I first came across Kat Leyh’s vibrant cartooning style when I reviewed her minicomic Pancakes here at Broken Frontier in 2013. Like that short story her graphic novel Bird Witch also comes to us via Chicago micropublisher Yeti Press (interviewed here at Broken Frontier last year), and collects six issues of the comic of the same name, along with a number of bonus extras.
Bird Witch is an all-ages fantasy that follows the adventures of two young chums – 10-year-old witch-in-training Nina Alexander and 11-year-old Tali Av’ Hoon, a Tengu from Japanese folk tales. These adventurous girls live with their families in an ancient magical forest. Nina is under the guardianship of her two uncles Ollie and Isaac, and is part of a lineage of forest wardens protecting the woodland from the darker forces that reside there. The birdlike Tali and her kin have just moved to the Giant’s Backbone mountain range in the area and the newcomer is just beginning to explore her new home.
The main feature in this 153-page compilation details the first meeting of the girls, their burgeoning friendship and how Tali becomes a prisoner of the titular Bird Witch; a malevolent old crone who is sustained by draining the magical life forces of the land’s avian inhabitants. In a number of back-ups we observe the blossoming relationship between the two leads as Nina gains a familiar, they visit a fairy ring at night (with almost disastrous consequences), and encounter a powerful eel dragon whose plight is not all it seems.
The first thing that stands out about Leyh’s writing here is that Bird Witch is perfectly pitched at its target younger audience. The stories featured are, perhaps, slight in plot but that’s somewhat deceptive as regards the bigger picture. The charm of Bird Witch is in its characterisation; in two main characters who, despite the fantastic world they live in, are wholly recognisable as authentic pre-teens in personality, behaviour and their reactions to events.
Bird Witch isn’t concerned with complex, twisting storylines. It’s far more subtle work than that. What Leyh gives us in these pages is a celebration of friendship, an evocation of those heady days of childhood when there was always another adventure awaiting us just around the corner, and where the world was always full of exciting new things to discover. That’s not to say there aren’t ongoing plotlines – the mystery of Nina’s missing parents and the role of the forest rangers will hopefully be picked up on in future instalments – but primarily, just like the outlook of the engagingly mischievous girls at the heart of its narrative, Bird Witch is about living in the moment. Because as kids that’s all we care about – and Leyh’s great triumph here is in recreating that familiar period in our lives. Albeit with a whole host of extraordinary mystical creatures thrown in for good measure…
There’s a fluidity to the artwork that will most certainly grab the attention of a younger readership. Leyh has a keen eye for visual characterisation with a quizzical look, a startled expression or a beaming smile speaking volumes about her protagonists’ state of mind. It’s her panel-to-panel storytelling that most impresses, though, with an animated sense of motion and adept use of perspective that is quite exquisite in places.
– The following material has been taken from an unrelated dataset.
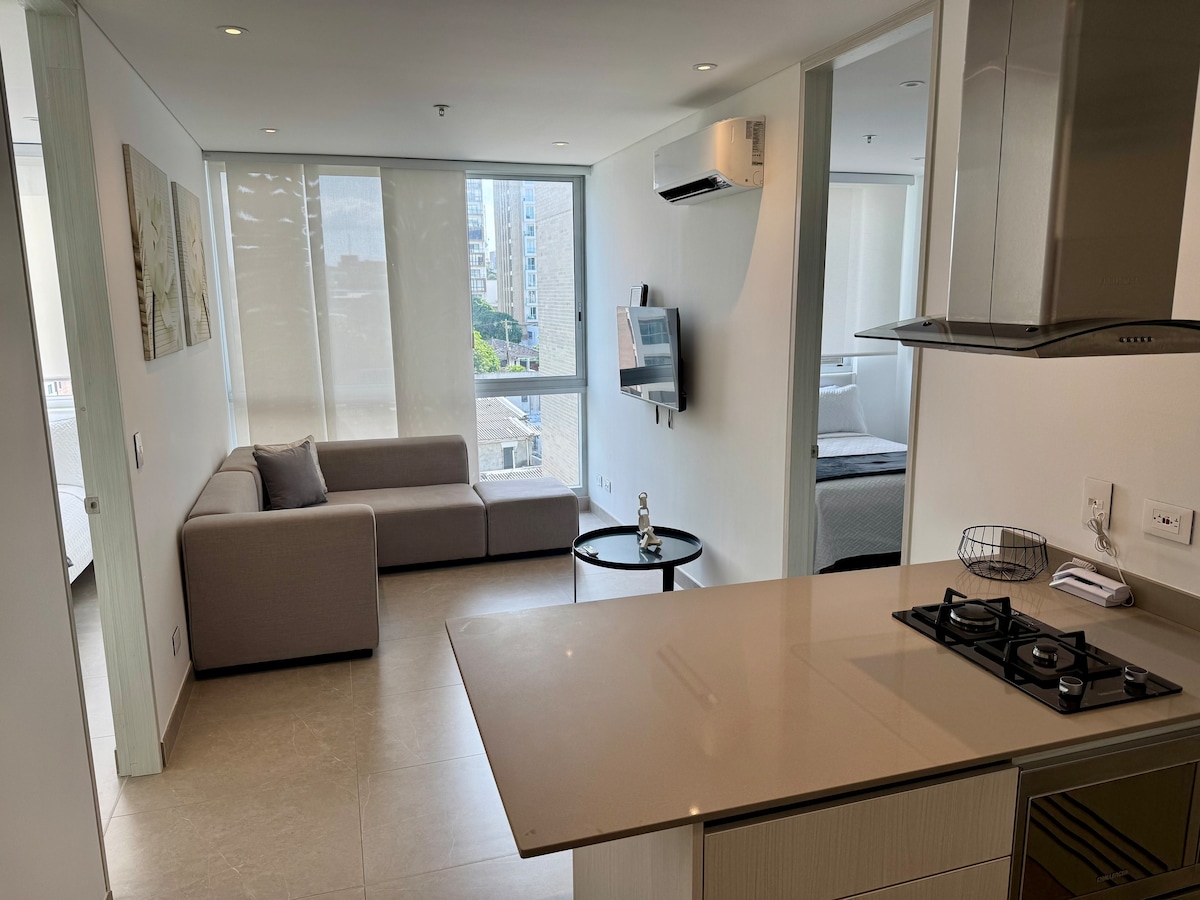Cómodo apartaestudio independiente de una habitación, con aire acondicionado, baño privado, cocina equipada, comedor y terraza. Cuenta con Wifi, Smart TV, tv cable, escritorio, Lavadora y se encuentra totalmente amoblado. Ubicado en el sector más seguro de la ciudad, muy cerca a los mejores centros comerciales, restaurantes, supermercados, los nuevos centros empresariales y sitios de diversión, con un hermoso parque al lado y fácil acceso al transporte público.

And let’s not forget the use of colour in Bird Witch – those beautiful green and brown hues – to so effectively emphasise the verdant forest world the cast resides in.
Like all true fairy tales there’s more than a hint of lurking horror in the pages of Bird Witch and it’s that contrasting mix of the charming and the disturbing that plays such a large part of this book’s appeal. A captivating world populated by characters the reader feels instantly invested in, Bird Witch is an all-ages gem and an ideal entry point into the medium for the youthful would-be comics fan in the family.
Bird Witch is published by Yeti Press and available from their online store here priced $20.00.